Appears in 1 contract
Samples: Abl Credit Agreement (Veritiv Corp)
Right to Request and Act on Instructions. (a) Each Agent may at any time request instructions from the Lenders with respect to any actions or approvals which by the terms of this Agreement or of any of the Loan Documents an Agent is permitted or desires to take or to grant, and if such instructions are promptly requested, the requesting Agent shall be absolutely entitled as between itself and the Lenders to refrain from taking any action or to withhold any approval and shall not be under any liability whatsoever to any Lender for refraining from any action or withholding any approval under any of the Loan Documents until it shall have received such instructions from the Required Lenders or all or such other portion of the Lenders as shall be prescribed by this Agreement.
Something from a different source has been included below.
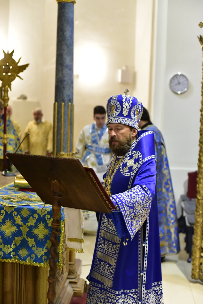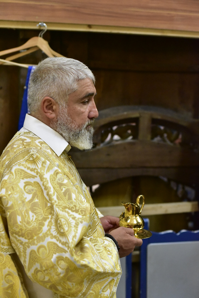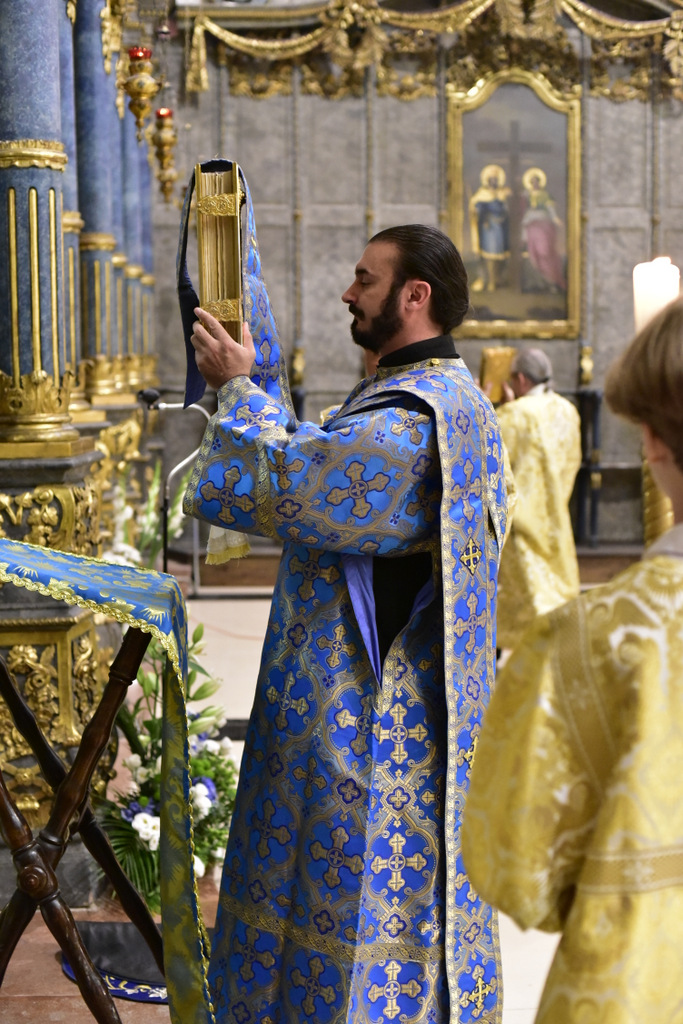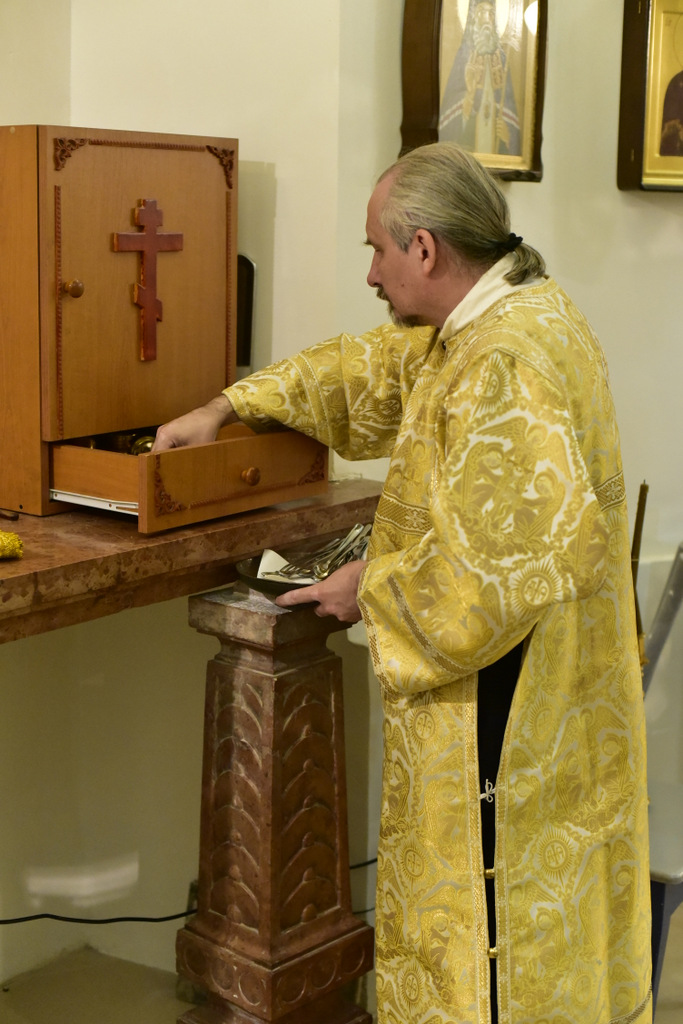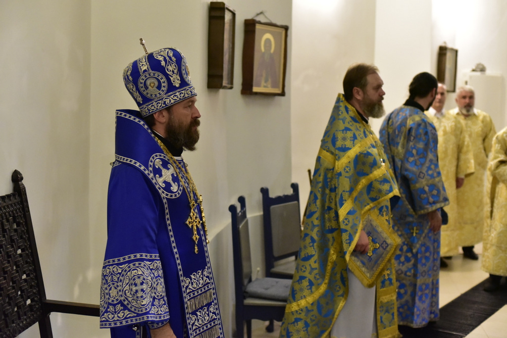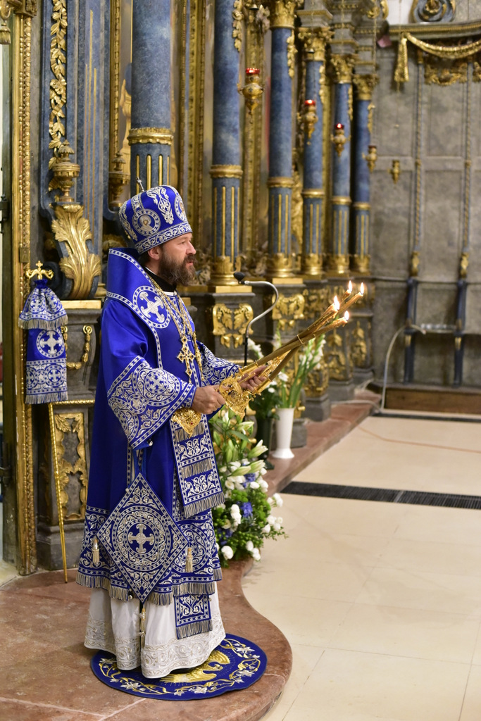 Этот евангельский рассказ, прочитанный дьяконом Стефаном Вайной, рассказал о событии принятия шествующего Господа Иисуса Христа двумя сестрами Марфой и Марией в свой дом. За Божественной литургией была совершена заупокойная ектения по почившему митрополиту Диоклийскому Ка́ллисту. После сугубой ектении Владыка Иларион вознес молитву восстановлении мира на Украине. Перед выносом Святых Даров к прихожанам обратился с проповедью на тему праздника Владыка Иларион.

Without limiting the foregoing, no Lender shall have any right of action whatsoever against any Agent as a result of an Agent acting or refraining from acting under this Agreement or any of the other Loan Documents in accordance with the instructions of the Required Lenders (or all or such other portion of the Lenders as shall be prescribed by this Agreement) and, notwithstanding the instructions of the Required Lenders (or such other applicable portion of the Lenders), an Agent shall have no obligation to any Lender to take any action if it believes, in good faith, that such action would violate applicable law or exposes an Agent to any liability for which it has not received satisfactory indemnification in accordance with the provisions of Subsection 10.6subsection 10.7.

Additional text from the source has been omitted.